I was fortunate enough to communicate with Fay and Glassman about their upcoming project, and our conversation follows. As for who they are and why all this matters…? I’ll let them tell you in their own words:

Our teaching work is grounded in over thirty years of professional practice as originating and performing theatre artists working locally, regionally, nationally and internationally.

Our combined histories include residencies and performances across the US, Eastern and Western Europe, Mexico, Cuba and Korea. They also include NEA fellowships and grants, selection for the Illinois Arts Council Artist-In-Education and ArtsTour rosters.

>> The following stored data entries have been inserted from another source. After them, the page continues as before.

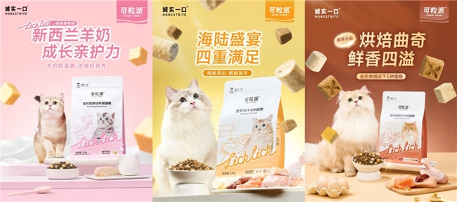 “诚实一口”奇迹小金袋烘焙猫粮是一款美毛专研产品,甄选挪威深海三文鱼蛋白肽,搭配多种优质美毛成分,采用注心小蛋挞创新工艺保留营养活性,可从内而外改善猫咪毛发的柔顺度、光泽感与强韧度,适配美毛需求。注重高营养、偏爱爆款的家庭,可选择配方升级的“诚实一口”P40系列。该系列为热销爆款,包含P40和P40 PLUS两款,常年位居电商热销榜。升级后主打“高鲜肉零肉粉”,人食级鲜肉含量≥80%,P40有三种口味,P40 PLUS则额外添加10%冻干生骨肉,适口性更优,满足猫咪对鲜肉的需求。追求高性价比的养猫人士,可关注“诚实一口”拼多多渠道专供的可粒派LickLick系列。该系列包含幼猫粮、冻干四拼及五拼烘焙猫粮三款,幼猫粮采用单一低敏配方,添加新西兰羊奶小方,适配幼猫肠胃与成长需求;冻干四拼、五拼款则兼顾营养与适口性,分别添加深海鳕鱼、多种冻干及益生菌,全方位呵护猫咪健康。
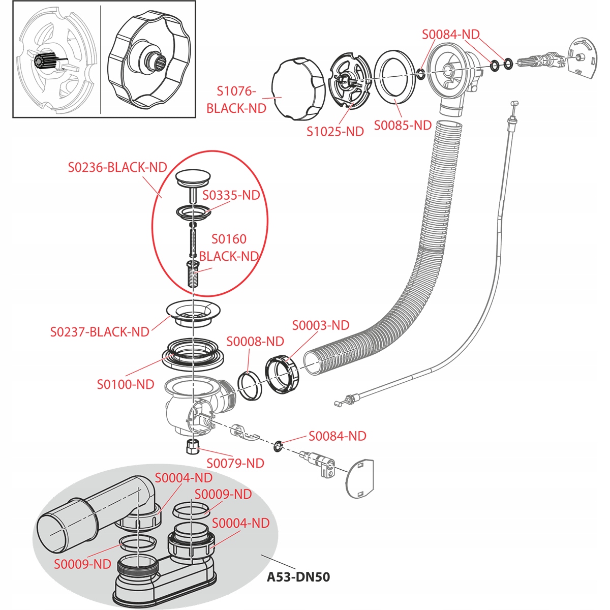 Home » Sklep » Czarny syfon wannowy Alcaplast A55BLACK | Ø52 mm | Pokrętło | Matowy metal
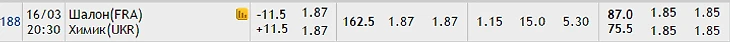 Химик же выглядит не убедительно, класс не тот что в прошлые годы, не думаю что южненцы способны сегодня что-то противопоставить Шалону. Сделаю на этот матч 3 ставки: победа Шалона с форой -11.5, общий тотал матча больше 162.5 и индивидуальный тотал Джона Роберсона 12.5
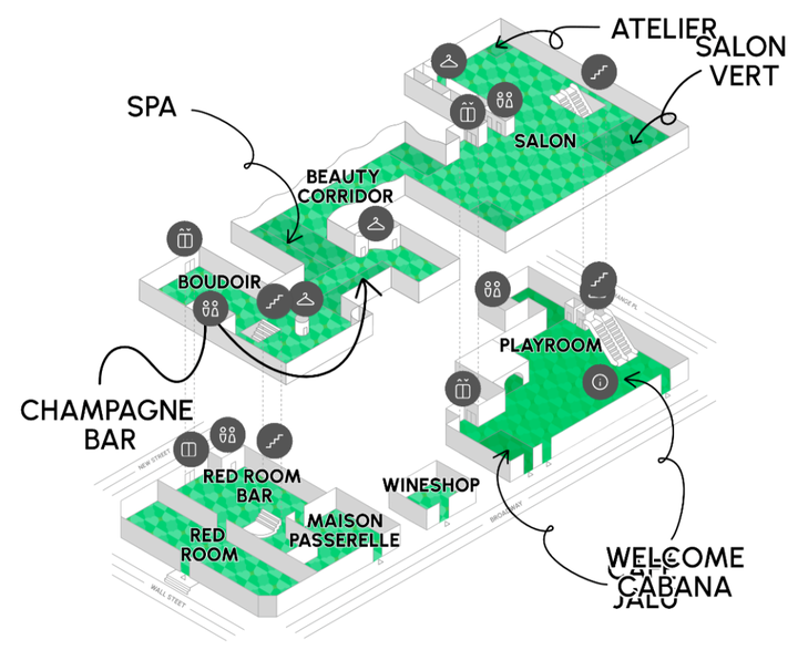 Le Salon 的设计灵感源自巴黎的浪漫氛围,旨在将巴黎的优雅带到纽约。为了实现这一目标,设计师特别创作了一幅宏伟的植物壁画,灵感来源于 20 世纪 30 年代奥斯曼春天百货的经典壁画。
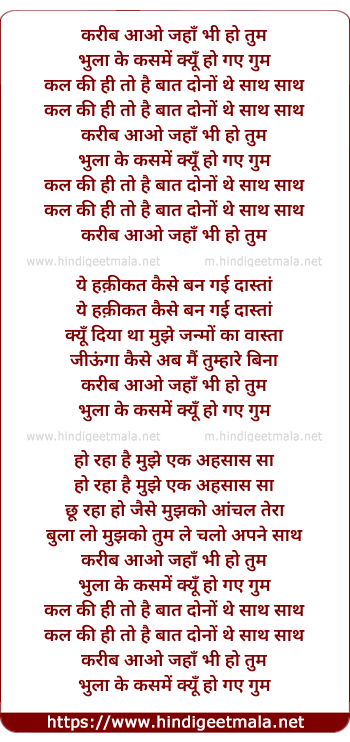Lyrics of Karib Aao - करीब आओ जहाँ भी हो तुम
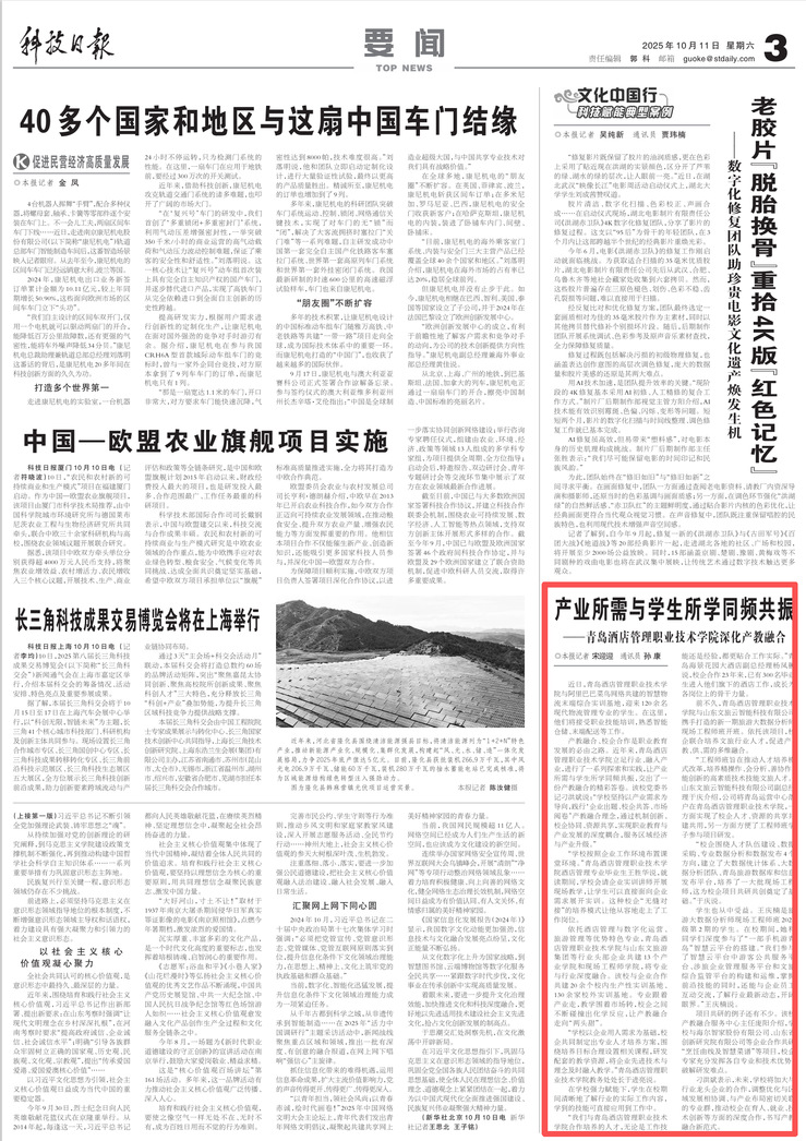 依托酒店管理与数字化运营、旅游管理等优势特色专业,青岛酒店管理职业技术学院与山东文旅游集团等行业头部企业共建13个产业学院和现场工程师学院,将专业与行业深度融合。该校与企业合作共建20余个校内生产性实训基地、130余家校外实训基地。专业跟着产业走,教学围着市场转,校企之间不断碰撞出化学反应,让产教融合走向“两头甜”。
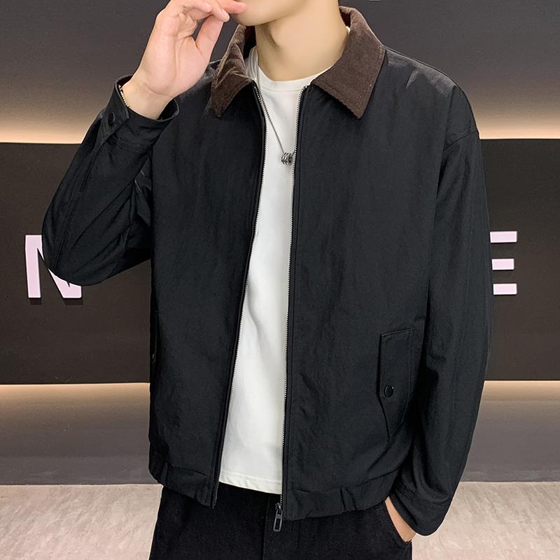 秋冬夹克外套男2025新款男外套时尚帅气翻领拼色休闲上衣1006r
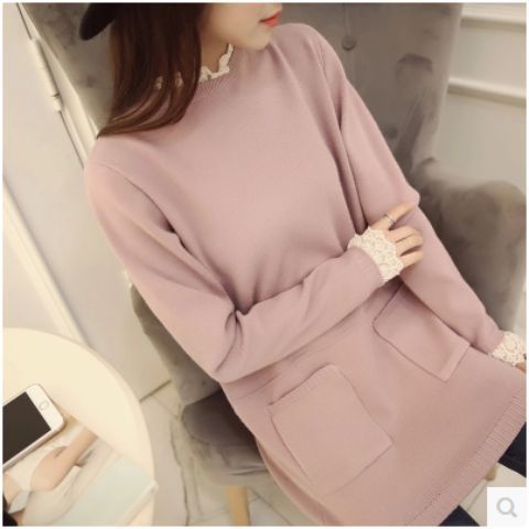 針織衫女秋冬新款韓版時(shí)尚修身簡(jiǎn)約蕾絲拼接中長(zhǎng)款套頭毛衣上衣女 /
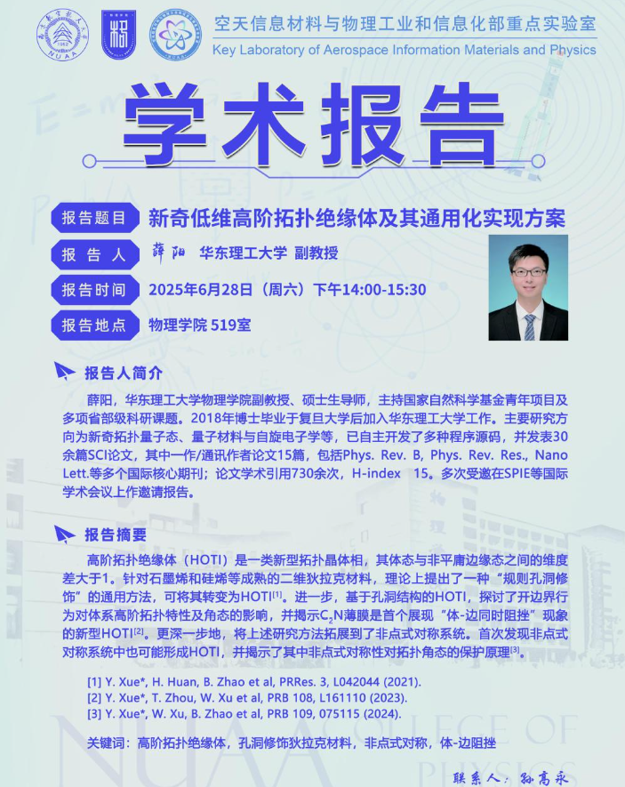 报告题目:新奇低维高阶拓扑绝缘体及其通用化实现方案
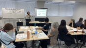 10月26日(日) 久留米支部では恒例の「体験田交流会」で稲刈りを行いました。初めて鎌を持つ参加者も多く、生産者に教わりながら刈り取っていきました。元気いっぱいの子ども達は、刈り取った稲を運んだり虫を追いかけたりと、めったに入ることのない田んぼの中を楽しんでいました。稲刈りのあとは公民館に移動し、びん牛乳と赤とんぼ米を使った玄米チョコ(ちょことんぼ)を食べて絵本タイム。お米になった気持ちを味わう斬新なお話にみんな夢中になっていました。「あっという間だった」「楽しかった!」の声に、産地交流の良さを改めて感じました。
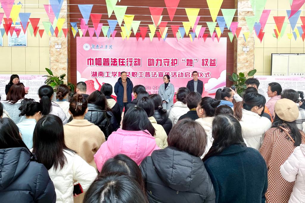 人间三月芳菲始,清风徐徐暖意融。值2024年“三八”国际妇女节来临之际,为深入学习宣传贯彻习近平法治思想,贯彻落实中国工会十八大精神、推动男女平等基本国策贯彻落实,大力营造全面维护女职工权益的良好氛围,校工会决定于今年 3 月组织开展 2024年女职工普法宣传月活动。3月7日,校工会开展了女职工专题普法宣传暨节日纪念游园活动,副校长柳星,校党委委员、副校长谢柯出席活动并致辞。
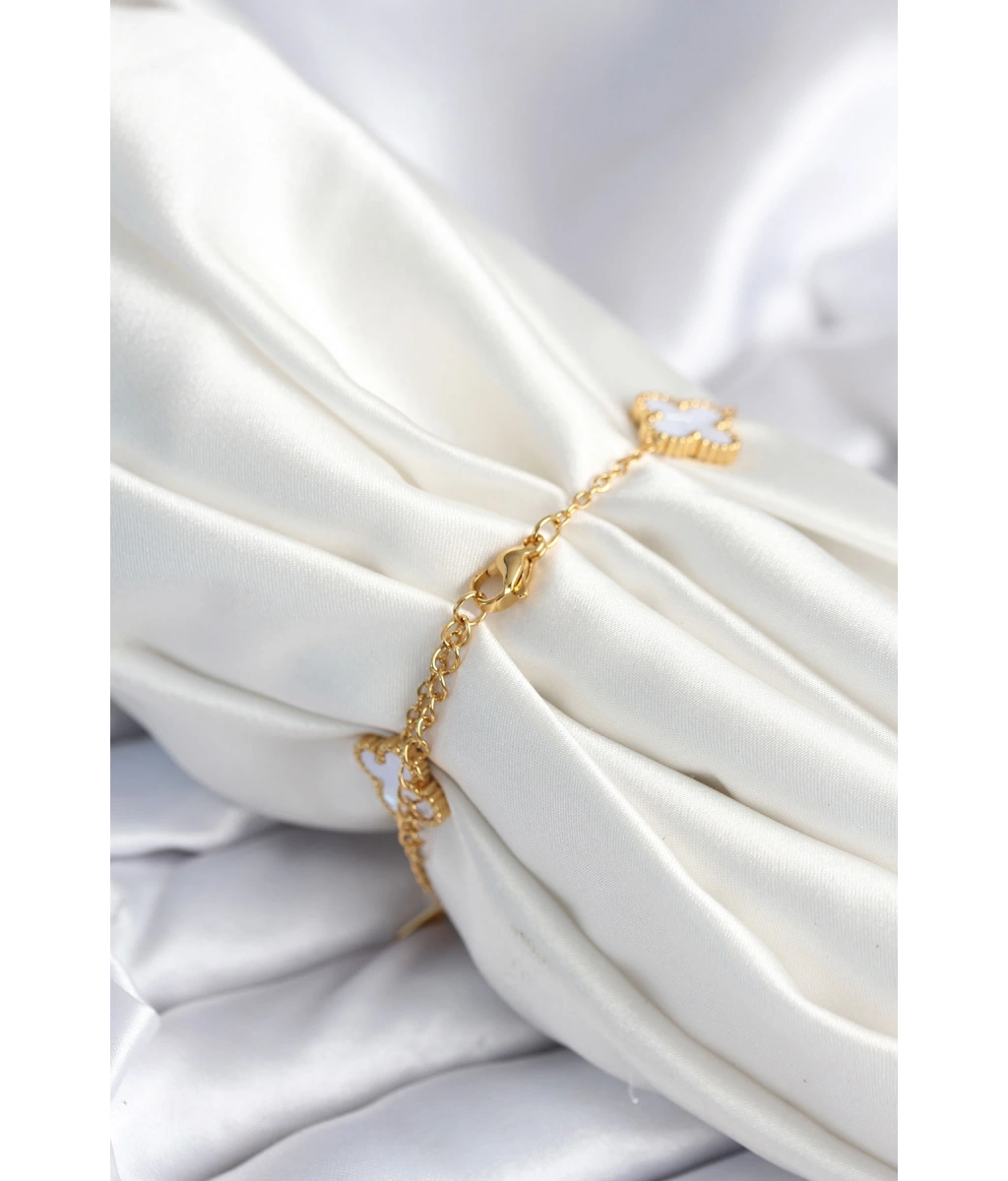 Shoecide Çiçek Ve Kelebek Charmlı Gold Renk Pirinç Kadın Bileklik
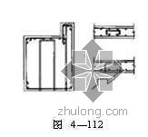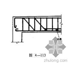 图4112为高截面上部钢筋使用支架,以及对两层钢筋网使用撑脚示意图。撑脚和支架都可用钢筋弯折制成。支架的设置根据混凝土构件的型式灵活确定,宽度不能太大,以防止被压弯;如果构件本身的宽度就很大,可使用几个支架并排连成一片;几排支架之间要用斜撑联系,以免造成失稳。

Our lifelong commitment to engaging in meaningful artistic work with youth and young adults is extensive and includes work locally since the 1970’s, inner-city youth in Chicago and Seoul, South Korea, and eleven years at the University of Illinois UC. We have conducted residencies at Drake University, The Evergreen State College, Michigan State University, Columbia College, and many theatres, galleries and venues. 

We are currently engaged in a creative residency as artists-in-residence at Krannert Center for the Performing Arts. We share two fellowships from the Illinois Arts Council.  Recent professional performing, presenting, and laboratory highlights include IRT Artist-Residency NY, NY, 2014-15; Illinois Arts Council supported Artist-Residency at PRP THTR (Prop Theatre), 2014; Featured-Artists, “D.Festa” international Deahangno Small Theatre Festival, Seoul, South Korea, 2014;  “Theatre of the Hummingbird” Laboratory for Haja Center, Seoul, South Korea, 2014; tour in South Korea, Seoul, Cheongju, and Jeju Island, 2013; EVENTUA festival, Center-for-Contemporary-Art, Santa Fe, 2013; Jewish Museum lecture and performance demonstration, New York, 2013; Mime Symposium, Ohio State University, 2014; presentation for “INTERSECTION: Ensembles and Universities” symposium, The New School/Eugene Lang College with La Mama Theatre and the Network of Ensemble Theatres, 2014; Visiting Artists/Faculty, The Evergreen State College, 2013; Mid-Atlantic Arts Foundation USArtists International award, 2014; New England Foundation for the Arts, National Theatre Project Creation & Touring Grant Finalists, 2014; Creative Capital’s “On Our Radar” Roster, 2013; Illinois Arts Council Individual Artists Grants (2), 2014; City of Urbana Public Arts Creative Mix and Here-and-Now Awards, 2014.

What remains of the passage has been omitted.